Um passo a passo presunçoso

Um livro de Christopher Vogler, A Jornada do Escritor, baseado na obra de Joseph Campbell, “Herói de Mil Faces”. É “um convite a uma viagem pelos caminhos da escrita”, mas a leitura desse livro não vai transformas ninguém num artista criador. É basicamente uma obra didática e pragmática.

Explica tudo, dá exemplos com filmes que todo mundo conhece, repete sua lição com paciência, faz questionários de recapitulação para testar a compreensão do leitor e sugere exercícios. Segundo o livro, uma boa história é muito mais do que uma boa ideia.
Alerta sobre o resultado adverso da utilização desse modelo. Pode gerar algo entediante e previsível, com clichês e estereótipos descuidados. Ele deve ser usado como uma forma, não uma fórmula.

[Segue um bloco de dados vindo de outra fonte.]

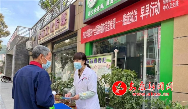 本網(wǎng)訊(通訊員 陳子賢)2022年4月15日至21日是第28個(gè)全國(guó)腫瘤防治宣傳周。為進(jìn)一步提高全社會(huì)癌癥防控意識(shí),促進(jìn)廣大居民了解癌癥預(yù)防知識(shí),主動(dòng)干預(yù)癌癥高危因素,營(yíng)造全民防癌抗癌的良好氛圍。4月20日早上,旬陽市城關(guān)中心衛(wèi)生院走進(jìn)下菜灣社區(qū),聯(lián)合社區(qū)衛(wèi)生室開展 “癌癥防治 早早行動(dòng)”為主題的全國(guó)腫瘤防治宣傳周活動(dòng)。

A obra é subdividia em dois livros. O Livro Um, Mapa da Jornada, é um apanhado geral. O primeiro capítulo faz uma revisão do “Guia Prático” (Herói de Mil Faces) e uma apresentação condensada dos doze estágios da Jornada do Herói, considerando-os um Mapa da Jornada. Os heróis são apresentados ao MUNDO COMUM, onde recebem um CHAMADO À AVENTURA. Primeiro ficam relutantes ou RECUSAM O CHAMADO, mas num ENCONTRO COM O MENTOR são encorajados a fazer a TRAVESSIA DO PRIMEIRO LIMIAR e entram no mundo especial, onde encontram TESTES, ALIADOS E INIMIGOS. Na APROXIMAÇÃO DA CAVERNA OCULTA, cruzam um segundo limiar, onde enfrentam a PROVAÇÃO. Ganham sua RECOMPENSA e são perseguidos no CAMINHO DE VOLTA ao mundo comum. Cruzam então o terceiro limiar, experimentam uma RESSURREIÇÃO e são transformados pela experiência. Chega então o momento do RETORNO COM O ELIXIR, a bênção ou o tesouro que beneficia o mudo comum.

O segundo capítulo é uma introdução aos arquétipos, funções que os personagens desempenham temporariamente para obter certos efeitos numa história. Descreve sete tipos comuns encontrados em todas as histórias: herói, mentor (velho sábio), guardião do limiar, arauto, camaleão, sombra e pícaro.

O Livro Dois, Estágios da Jornada, é um exame mais detalhado dos doze elementos da Jornada do Herói. Ao final de cada capítulo há sugestões para que sua própria exploração prossiga. O epílogo, Recapitulando a Jornada, trata da aventura especial da Jornada do Escritor e de algumas armadilhas que devem ser evitadas pelo caminho. Inclui uma análise dos filmes Titanic, O Rei Leão, Pulp Fiction: Tempo de Violência, Ou Tudo ou Nada e Guerra nas Estrelas.

Todos os heróis, basicamente, têm a mesma história, contada e recontada infinitas vezes, em infinitas variações. Fazem parte de um inconsciente coletivo da humanidade. A maioria dos mitos tem o sinal de verdade psicológica, sendo sempre uma jornada.

A verdade do sucesso ou excelência de uma história não está na obediência a qualquer padrão estabelecido, mas em sua popularidade duradoura e efeito no público. A Jornada do Herói é apenas uma linha-mestra, um ponto de partida.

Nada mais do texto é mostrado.